**What is being asked**
Give an exact transcription limited to the lines from the one with "Hand plockade vintersömlös" through the end of the entries, including both; no pictures belong in it.

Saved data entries

_ _ _ _ _

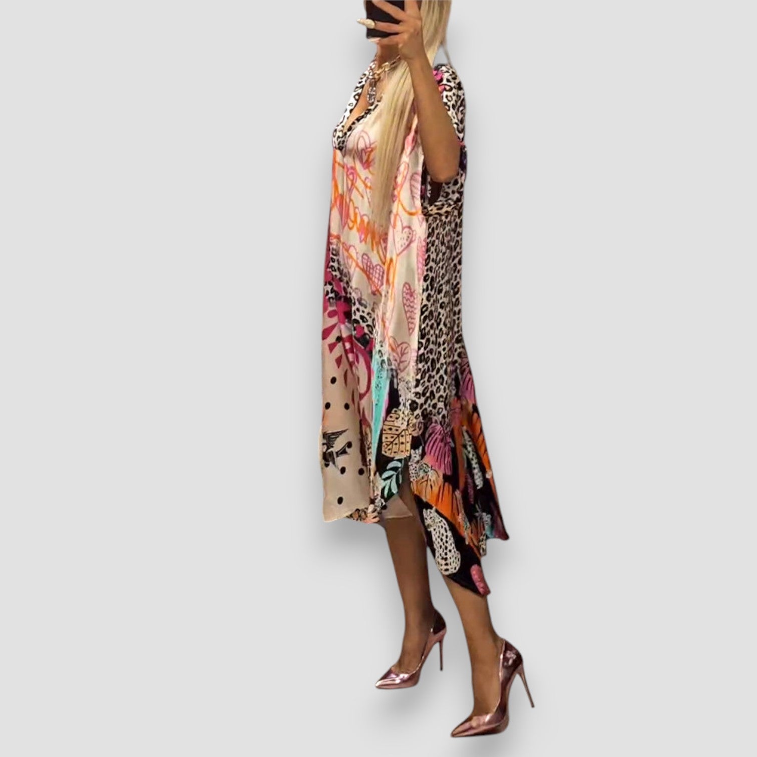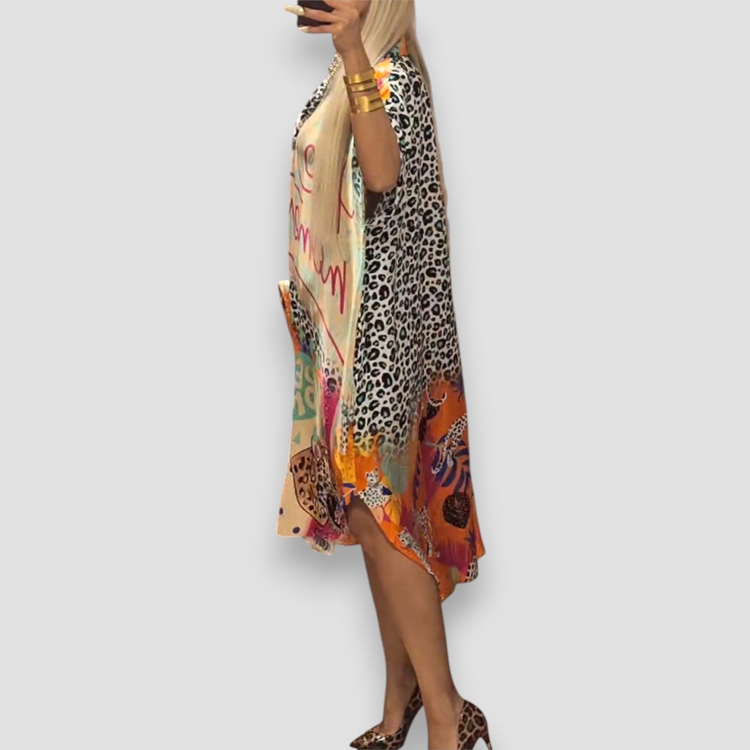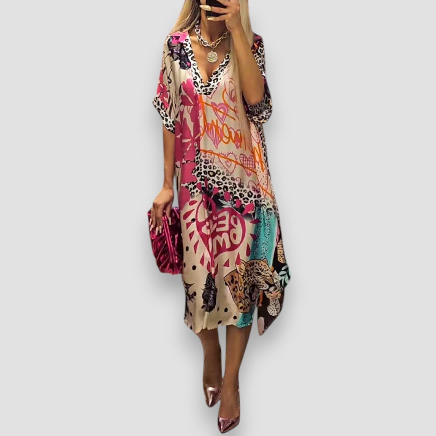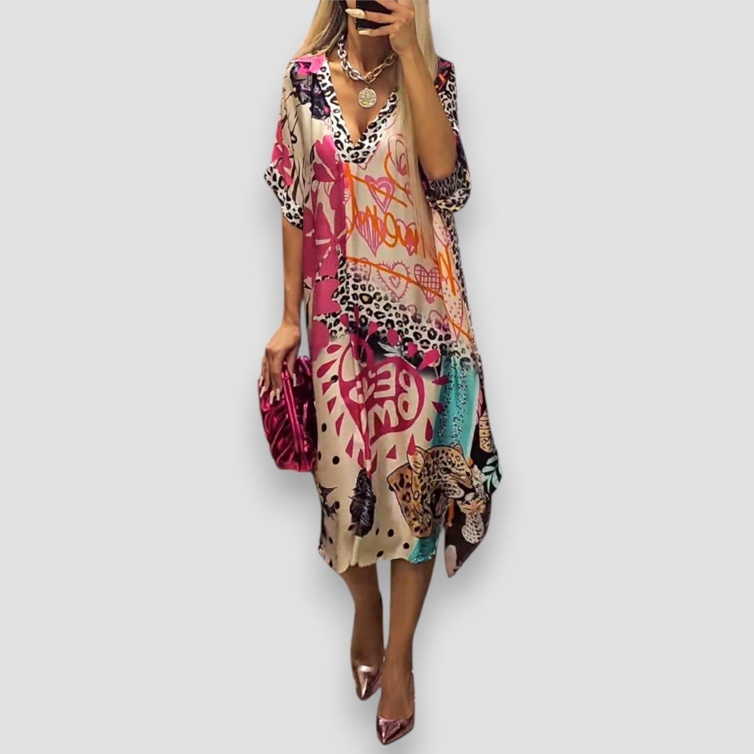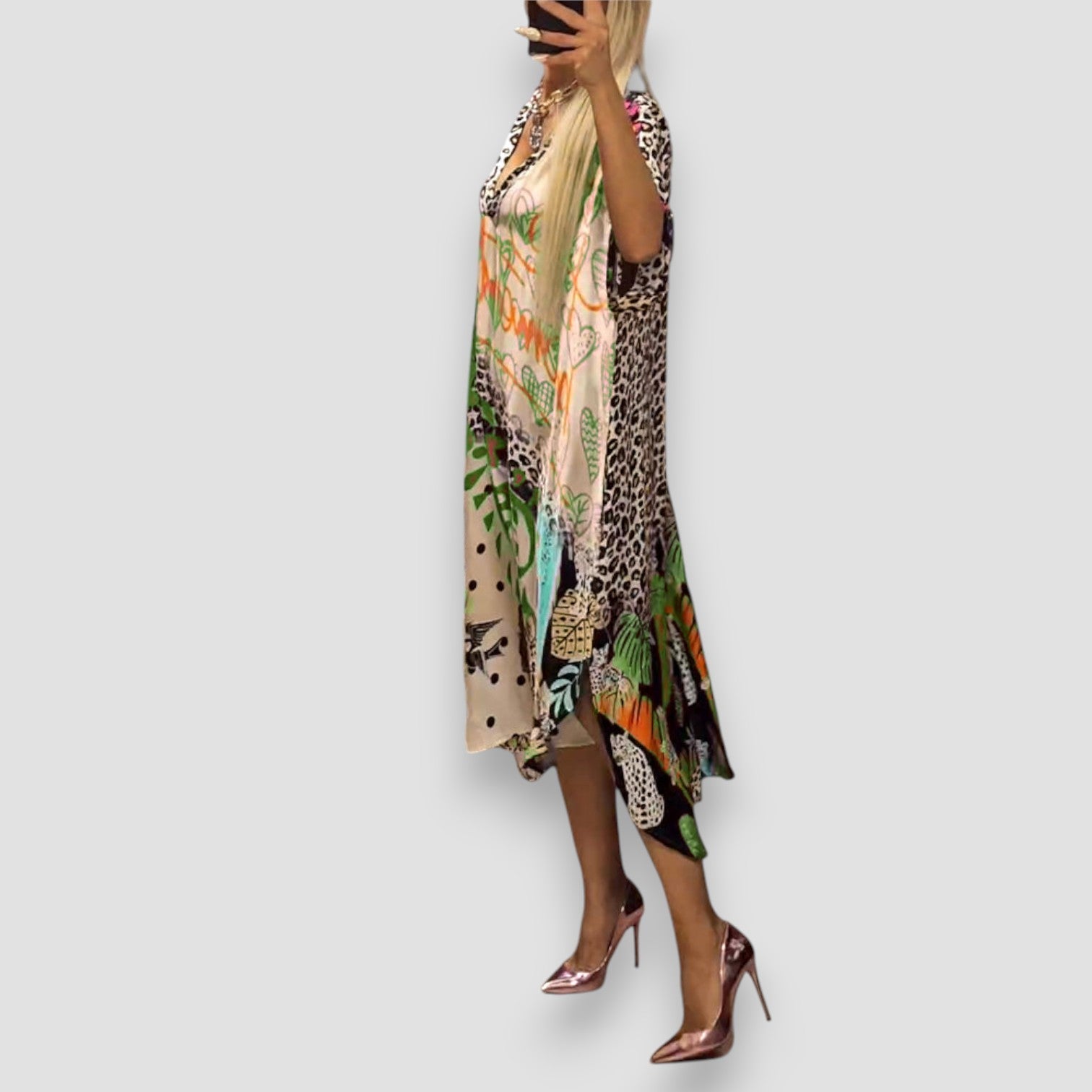 Leggero, elegante e perfetto per le giornate di sole – l'abito estivo Gianna è un must-have per un look fresco e senza sforzo. Con una scollatura a V e una vestibilità ampia, questo abito offre massimo comfort ed eleganza per ogni occasione.
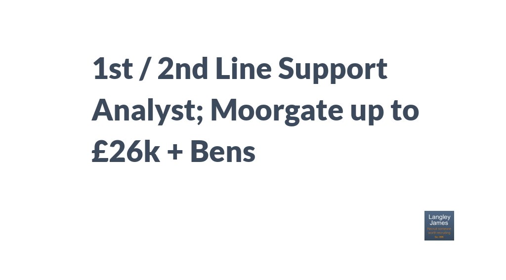 1st / 2nd Line Support Analyst; Moorgate up to £26k + Bens http://bit.ly/2JBtC1E pic.twitter.com/9HijcanK8o
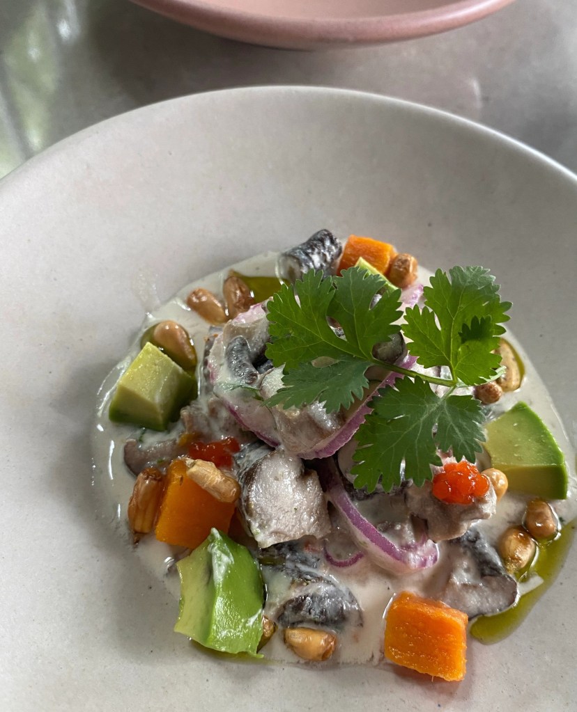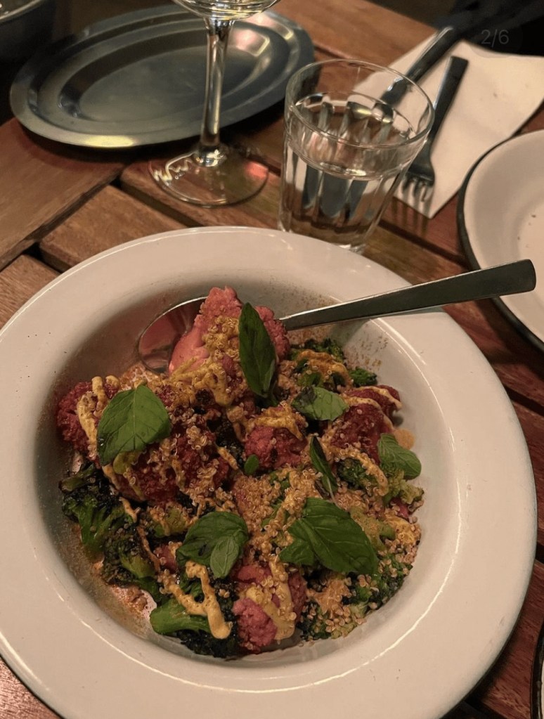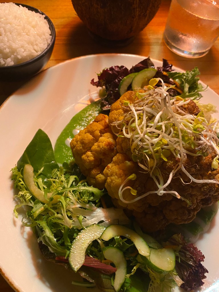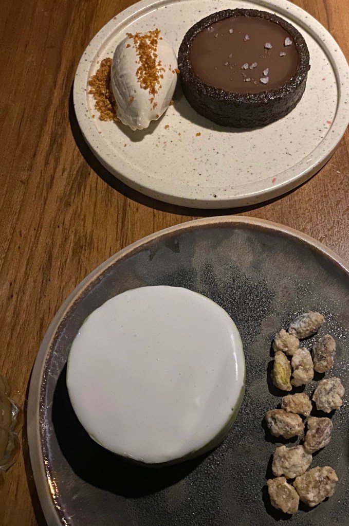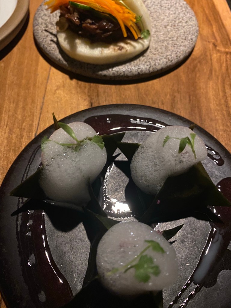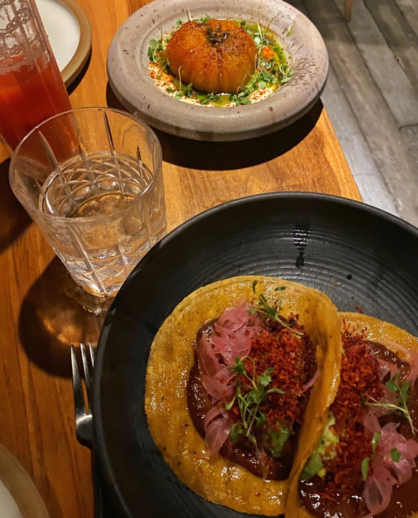 Sacro. I first visited here with my new travel bestie Estelle for my 24th birthday. We had been out in the city all day and wanted somewhere plant-based to go for dinner. We did a classic Google search: “open now,” “vegan,” and Sacro came up. It was close, and so we bee-lined there. To start with we couldn’t find it. It has very subtle branding, and a door that blends perfectly into the wall. Upon entering, it’s like stepping into a rainforest. There are misting machines, bird song, giant ferns, and the room is quite dark. Little did we know prior, that Sacro is fine dining. It’s high-quality, innovative vegan cookery, and it is incredible. The ambiance is relaxing, yet formal, and we were lucky to get seated as it is very popular. It is the type of vegan food that doesn’t feel vegan. Exceptionally clever cooking, paired with seasonality, and big flavour. It is relatively expensive by BA standards, but my gosh is it worth it. Food artistry.
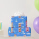 Hand plockade vintersömlös mönster med söta skandinaviska hus, träd, snö, snö banker på blå botten.
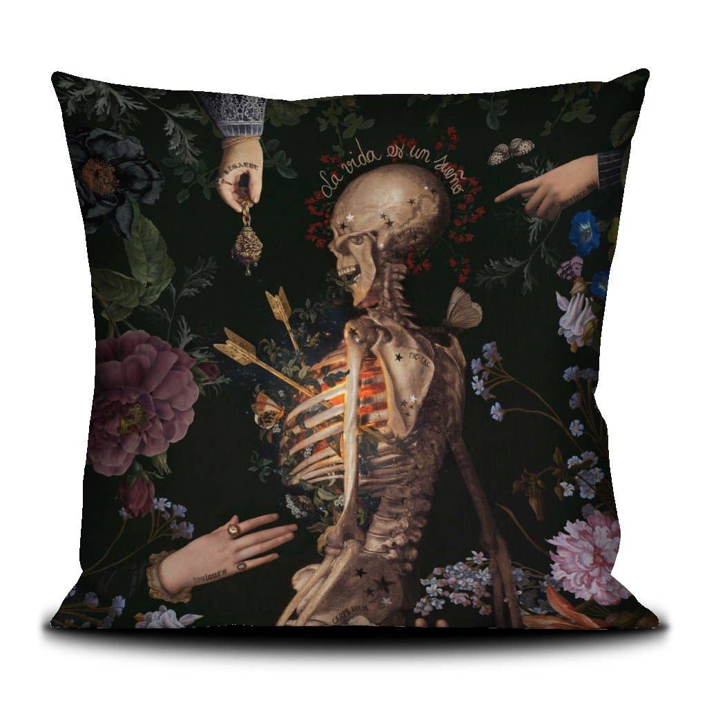 High quality cushion cover printed on velvet, with black piping finish. Designed in France Confection Italy/Design France Manufacturing in Italy
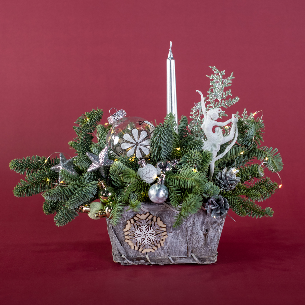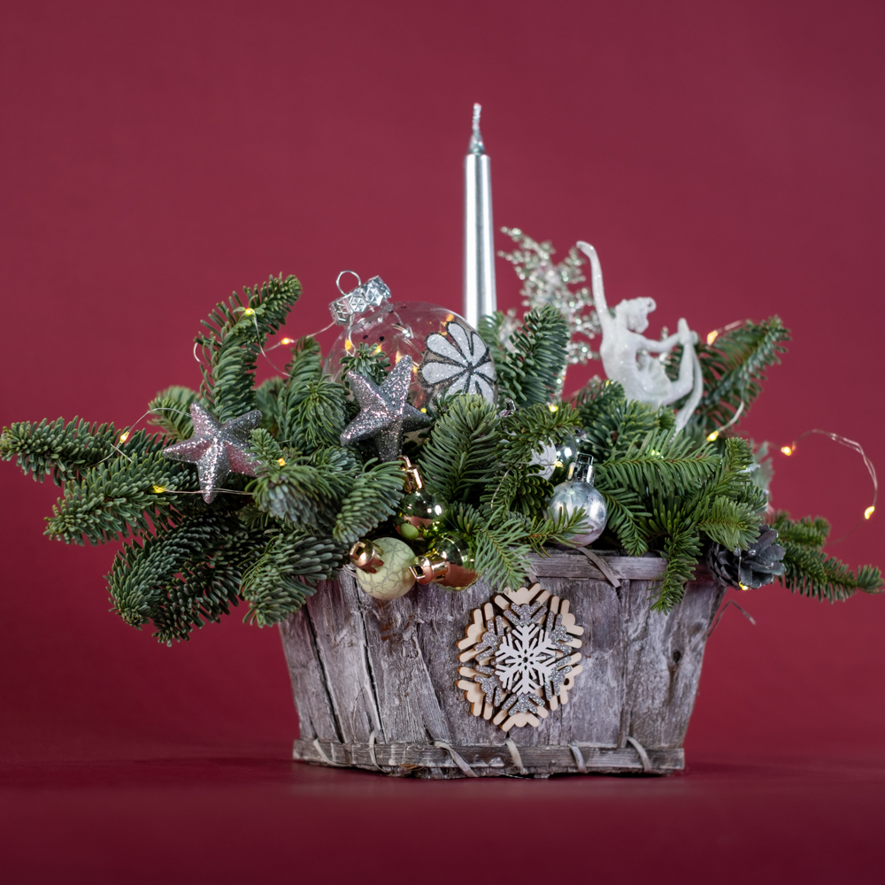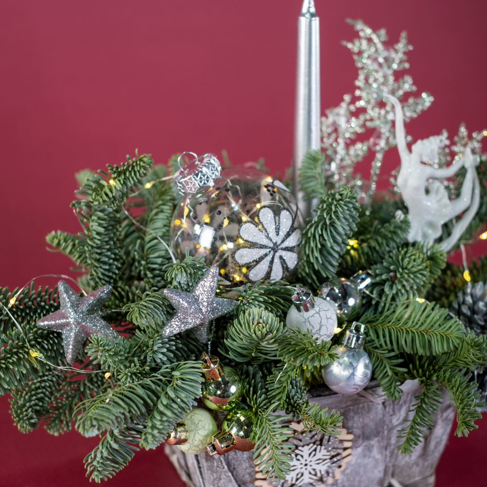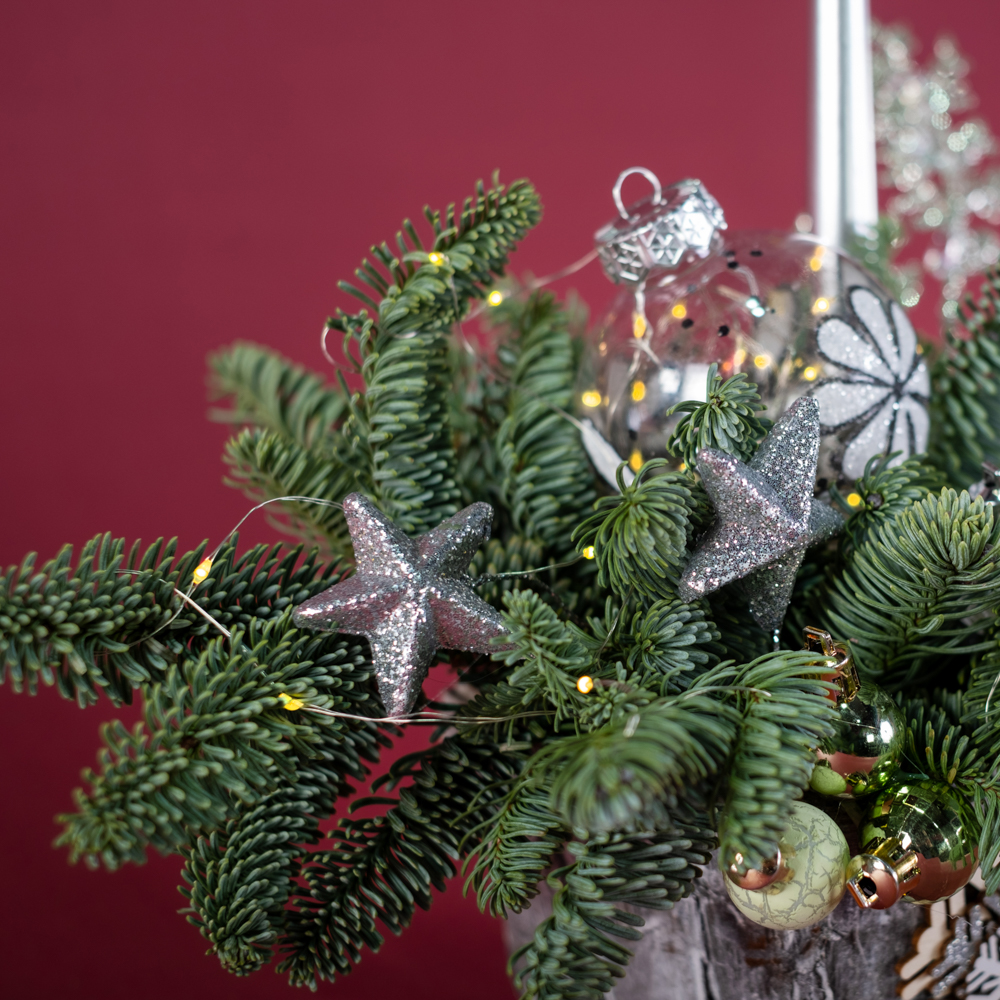 Состав композиции: нобилис, ёлочные украшения, оазис, свеча
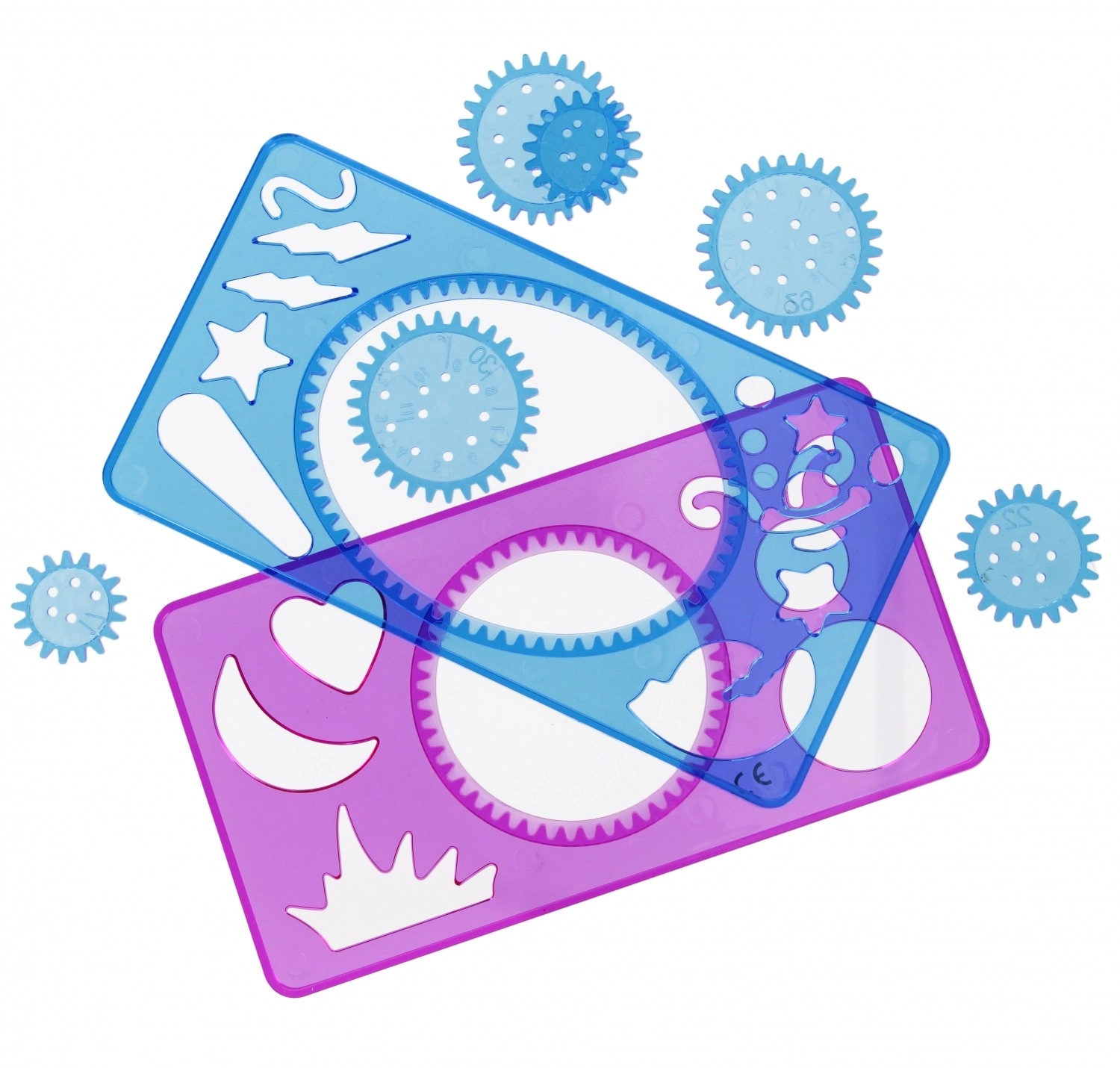 Două plăci solide și transparente, cu inele și forme zimțate, permit ghidarea precisă a rotițelor și linii curate chiar și pentru modele complexe.

_ _ _ _ _

**Written response**
 Hand plockade vintersömlös mönster med söta skandinaviska hus, träd, snö, snö banker på blå botten.
 High quality cushion cover printed on velvet, with black piping finish. Designed in France Confection Italy/Design France Manufacturing in Italy
 Состав композиции: нобилис, ёлочные украшения, оазис, свеча
 Două plăci solide și transparente, cu inele și forme zimțate, permit ghidarea precisă a rotițelor și linii curate chiar și pentru modele complexe.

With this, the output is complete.